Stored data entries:
# # # # # # #
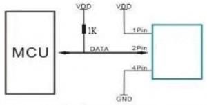 En cuanto al hardware, solo es necesario conectar el pin VCC de alimentación a 3-5.5V, el pin GND a Tierra (0V) y el pin de datos a un pin digital (D2) en nuestro Arduino. El fabricante recomienda conectar una resistencia de 1k-10k en pull-up como se muestra en la imagen.
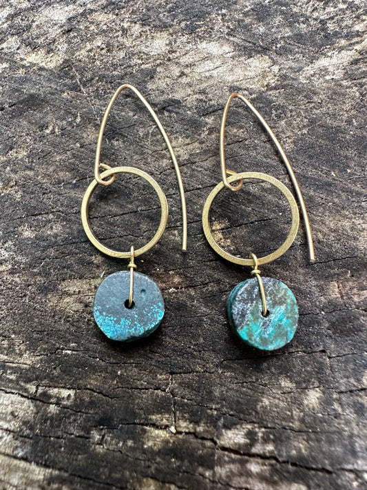 Turquoise hoop earrings | minimalist design with heishi shaped genuine turquoise
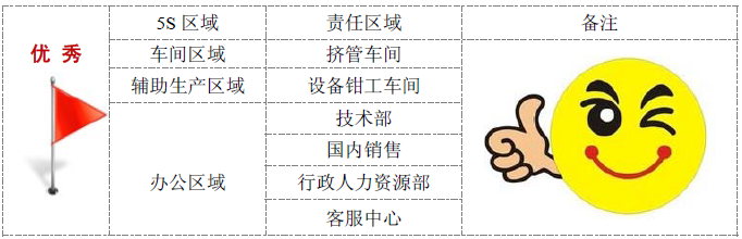 根據5S 管理推進計劃,復合軟管事業部5S 執行小組在5 月18 日、19 日,組織對各區域5S 管理執行情況進行檢查、評比。6 月份起5S 月度大檢查將實施臨時突擊檢查,各檢查小組須認真對待,動真格,嚴格按照5S 執行獎懲制度予以考核獎懲。
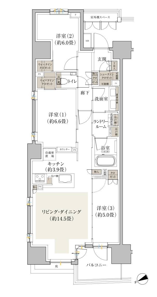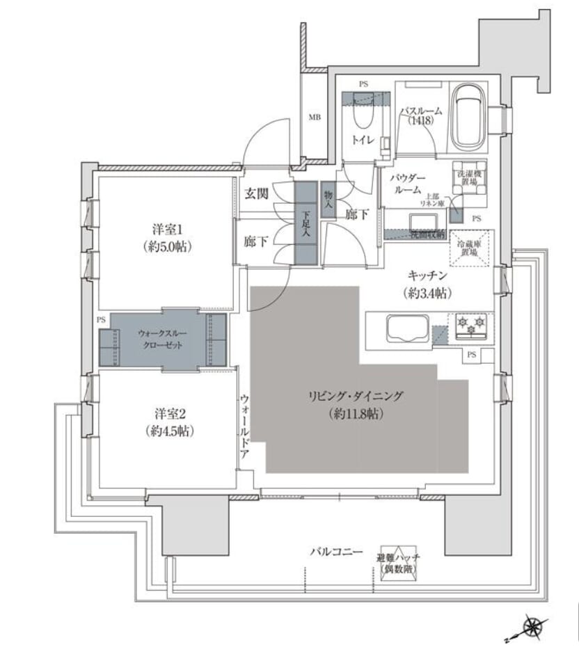 2LDK 58.39㎡ 北西向き 角住戸7階
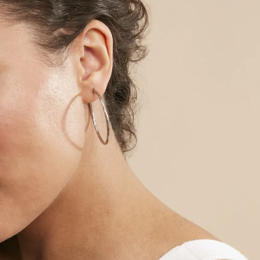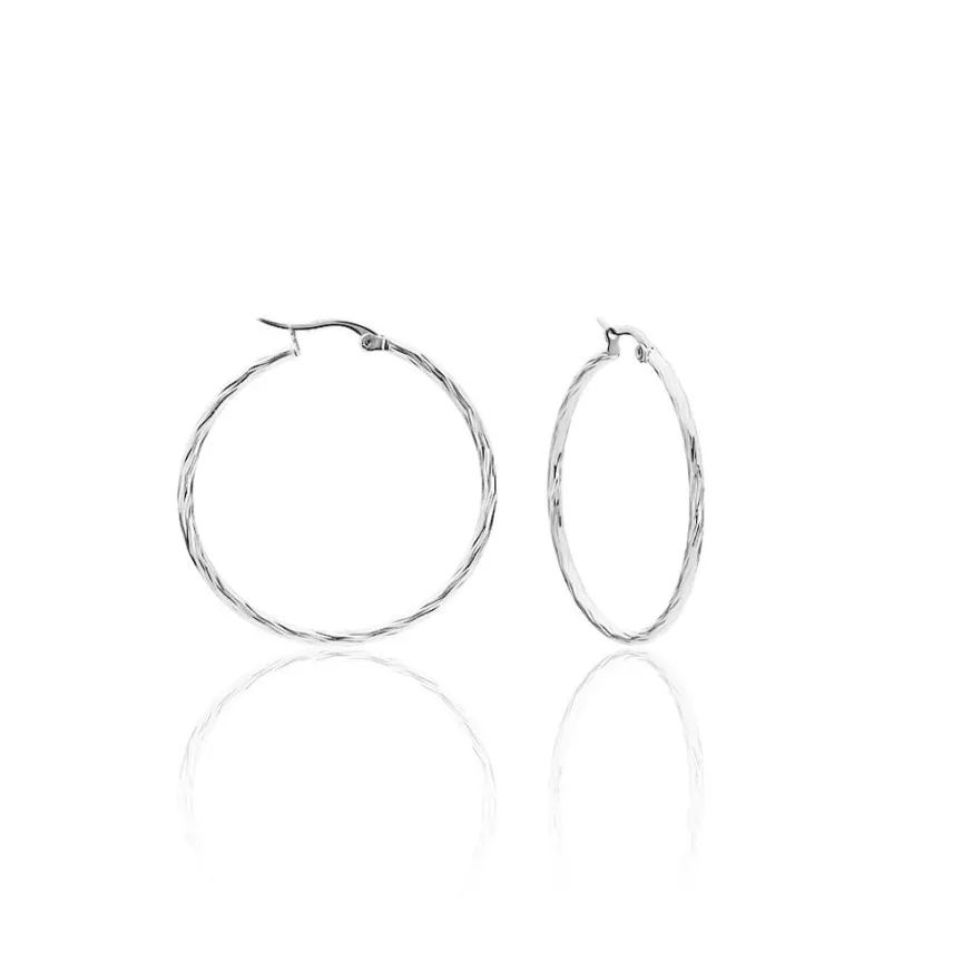 Créoles Acier Blanc Effet Strié Diamètre 40mm
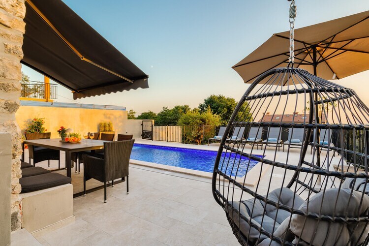 Salle de séjour(canapé-lit double, TV, table, coin salon), cuisine ouverte(grille-pain, cafetière/percolateur, four, micro ondes, lave-vaisselle , combinaison réfrigérateur/congélateur, lavabo, ), chambre(lit double, TV), chambre(lit double, TV), salle de bains(douche, lavabo, WC), Accès Internet, Meubles de jardin, lave-linge , terrasse, jardin, parking, piscine(privé), fer à repasser, sèche-cheveux
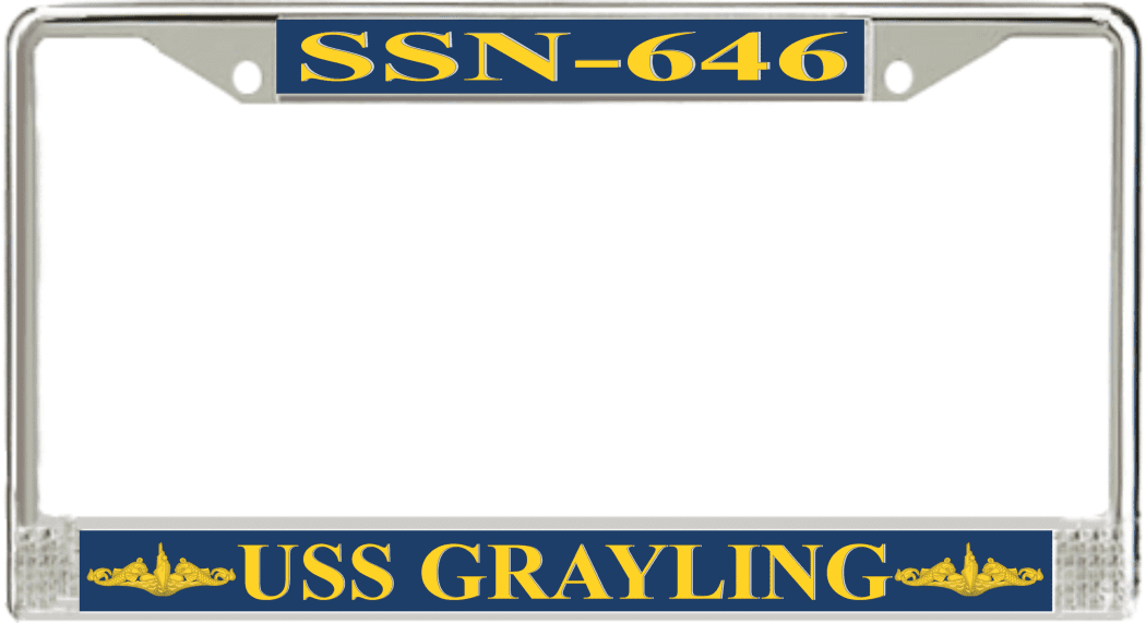 USS Grayling SSN-646 License Plate Frame This USS Grayling SSN-646 License Plate Frame is proudly made in the USA at our facilities in Scottsboro, Alabama. Each Frame features top and bottom sublimated design strips that are poly coated for a protective gloss finish. Please check your state and local regulations for compatibility of these frames for use on your vehicle.
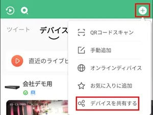 Guarding Vision 右上の+を押し、「デバイスを共有する」をクリックします。
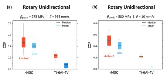 To ensure that our findings were not specific to linear reciprocating motion, we also conducted rotary unidirectional sliding tests on the same Microseal 200-1-coated substrate materials. The results from these rotary unidirectional tests are displayed in Figure 4. Figure 5 consolidates the findings in a box plot format to facilitate comparison. Conducted at two different contact pressure and speed conditions, the data indicate a minor pressure/speed dependence within the tested range where the mean COF is slightly higher at lower pressures and faster speeds. There is also more variation in the data at the lower pressures and faster speeds, likely attributable to non-flatness of the disk samples (the top and bottom of the disks not perfectly parallel) which affects friction more under those conditions. Overall, the results mirrored the linear reciprocating data, showing a lower COF in GN2 for both substrates and a more stable and lower COF for the titanium alloy compared to the 440C substrate.
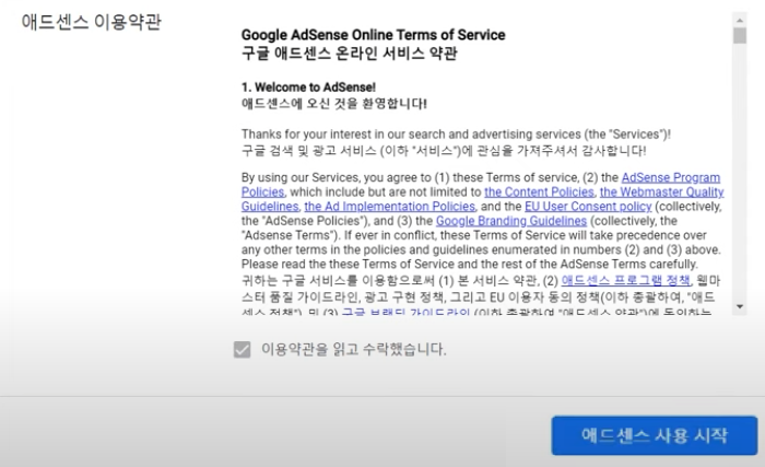 - 애드센스 이용약관 - '이용약관을 읽고 수락했습니다' 체크박스 체크 후 우측 하단의 파란색 '애드센스 사용 시작' 버튼을 누릅니다.
# # # # # # #
What is being asked:
Reproduce the data above exactly, leaving out any picture in it.

Result of the task:
 En cuanto al hardware, solo es necesario conectar el pin VCC de alimentación a 3-5.5V, el pin GND a Tierra (0V) y el pin de datos a un pin digital (D2) en nuestro Arduino. El fabricante recomienda conectar una resistencia de 1k-10k en pull-up como se muestra en la imagen.
 Turquoise hoop earrings | minimalist design with heishi shaped genuine turquoise
 根據5S 管理推進計劃,復合軟管事業部5S 執行小組在5 月18 日、19 日,組織對各區域5S 管理執行情況進行檢查、評比。6 月份起5S 月度大檢查將實施臨時突擊檢查,各檢查小組須認真對待,動真格,嚴格按照5S 執行獎懲制度予以考核獎懲。
 2LDK 58.39㎡ 北西向き 角住戸7階
 Créoles Acier Blanc Effet Strié Diamètre 40mm
 Salle de séjour(canapé-lit double, TV, table, coin salon), cuisine ouverte(grille-pain, cafetière/percolateur, four, micro ondes, lave-vaisselle , combinaison réfrigérateur/congélateur, lavabo, ), chambre(lit double, TV), chambre(lit double, TV), salle de bains(douche, lavabo, WC), Accès Internet, Meubles de jardin, lave-linge , terrasse, jardin, parking, piscine(privé), fer à repasser, sèche-cheveux
 USS Grayling SSN-646 License Plate Frame This USS Grayling SSN-646 License Plate Frame is proudly made in the USA at our facilities in Scottsboro, Alabama. Each Frame features top and bottom sublimated design strips that are poly coated for a protective gloss finish. Please check your state and local regulations for compatibility of these frames for use on your vehicle.
 Guarding Vision 右上の+を押し、「デバイスを共有する」をクリックします。
 To ensure that our findings were not specific to linear reciprocating motion, we also conducted rotary unidirectional sliding tests on the same Microseal 200-1-coated substrate materials. The results from these rotary unidirectional tests are displayed in Figure 4. Figure 5 consolidates the findings in a box plot format to facilitate comparison. Conducted at two different contact pressure and speed conditions, the data indicate a minor pressure/speed dependence within the tested range where the mean COF is slightly higher at lower pressures and faster speeds. There is also more variation in the data at the lower pressures and faster speeds, likely attributable to non-flatness of the disk samples (the top and bottom of the disks not perfectly parallel) which affects friction more under those conditions. Overall, the results mirrored the linear reciprocating data, showing a lower COF in GN2 for both substrates and a more stable and lower COF for the titanium alloy compared to the 440C substrate.
 - 애드센스 이용약관 - '이용약관을 읽고 수락했습니다' 체크박스 체크 후 우측 하단의 파란색 '애드센스 사용 시작' 버튼을 누릅니다.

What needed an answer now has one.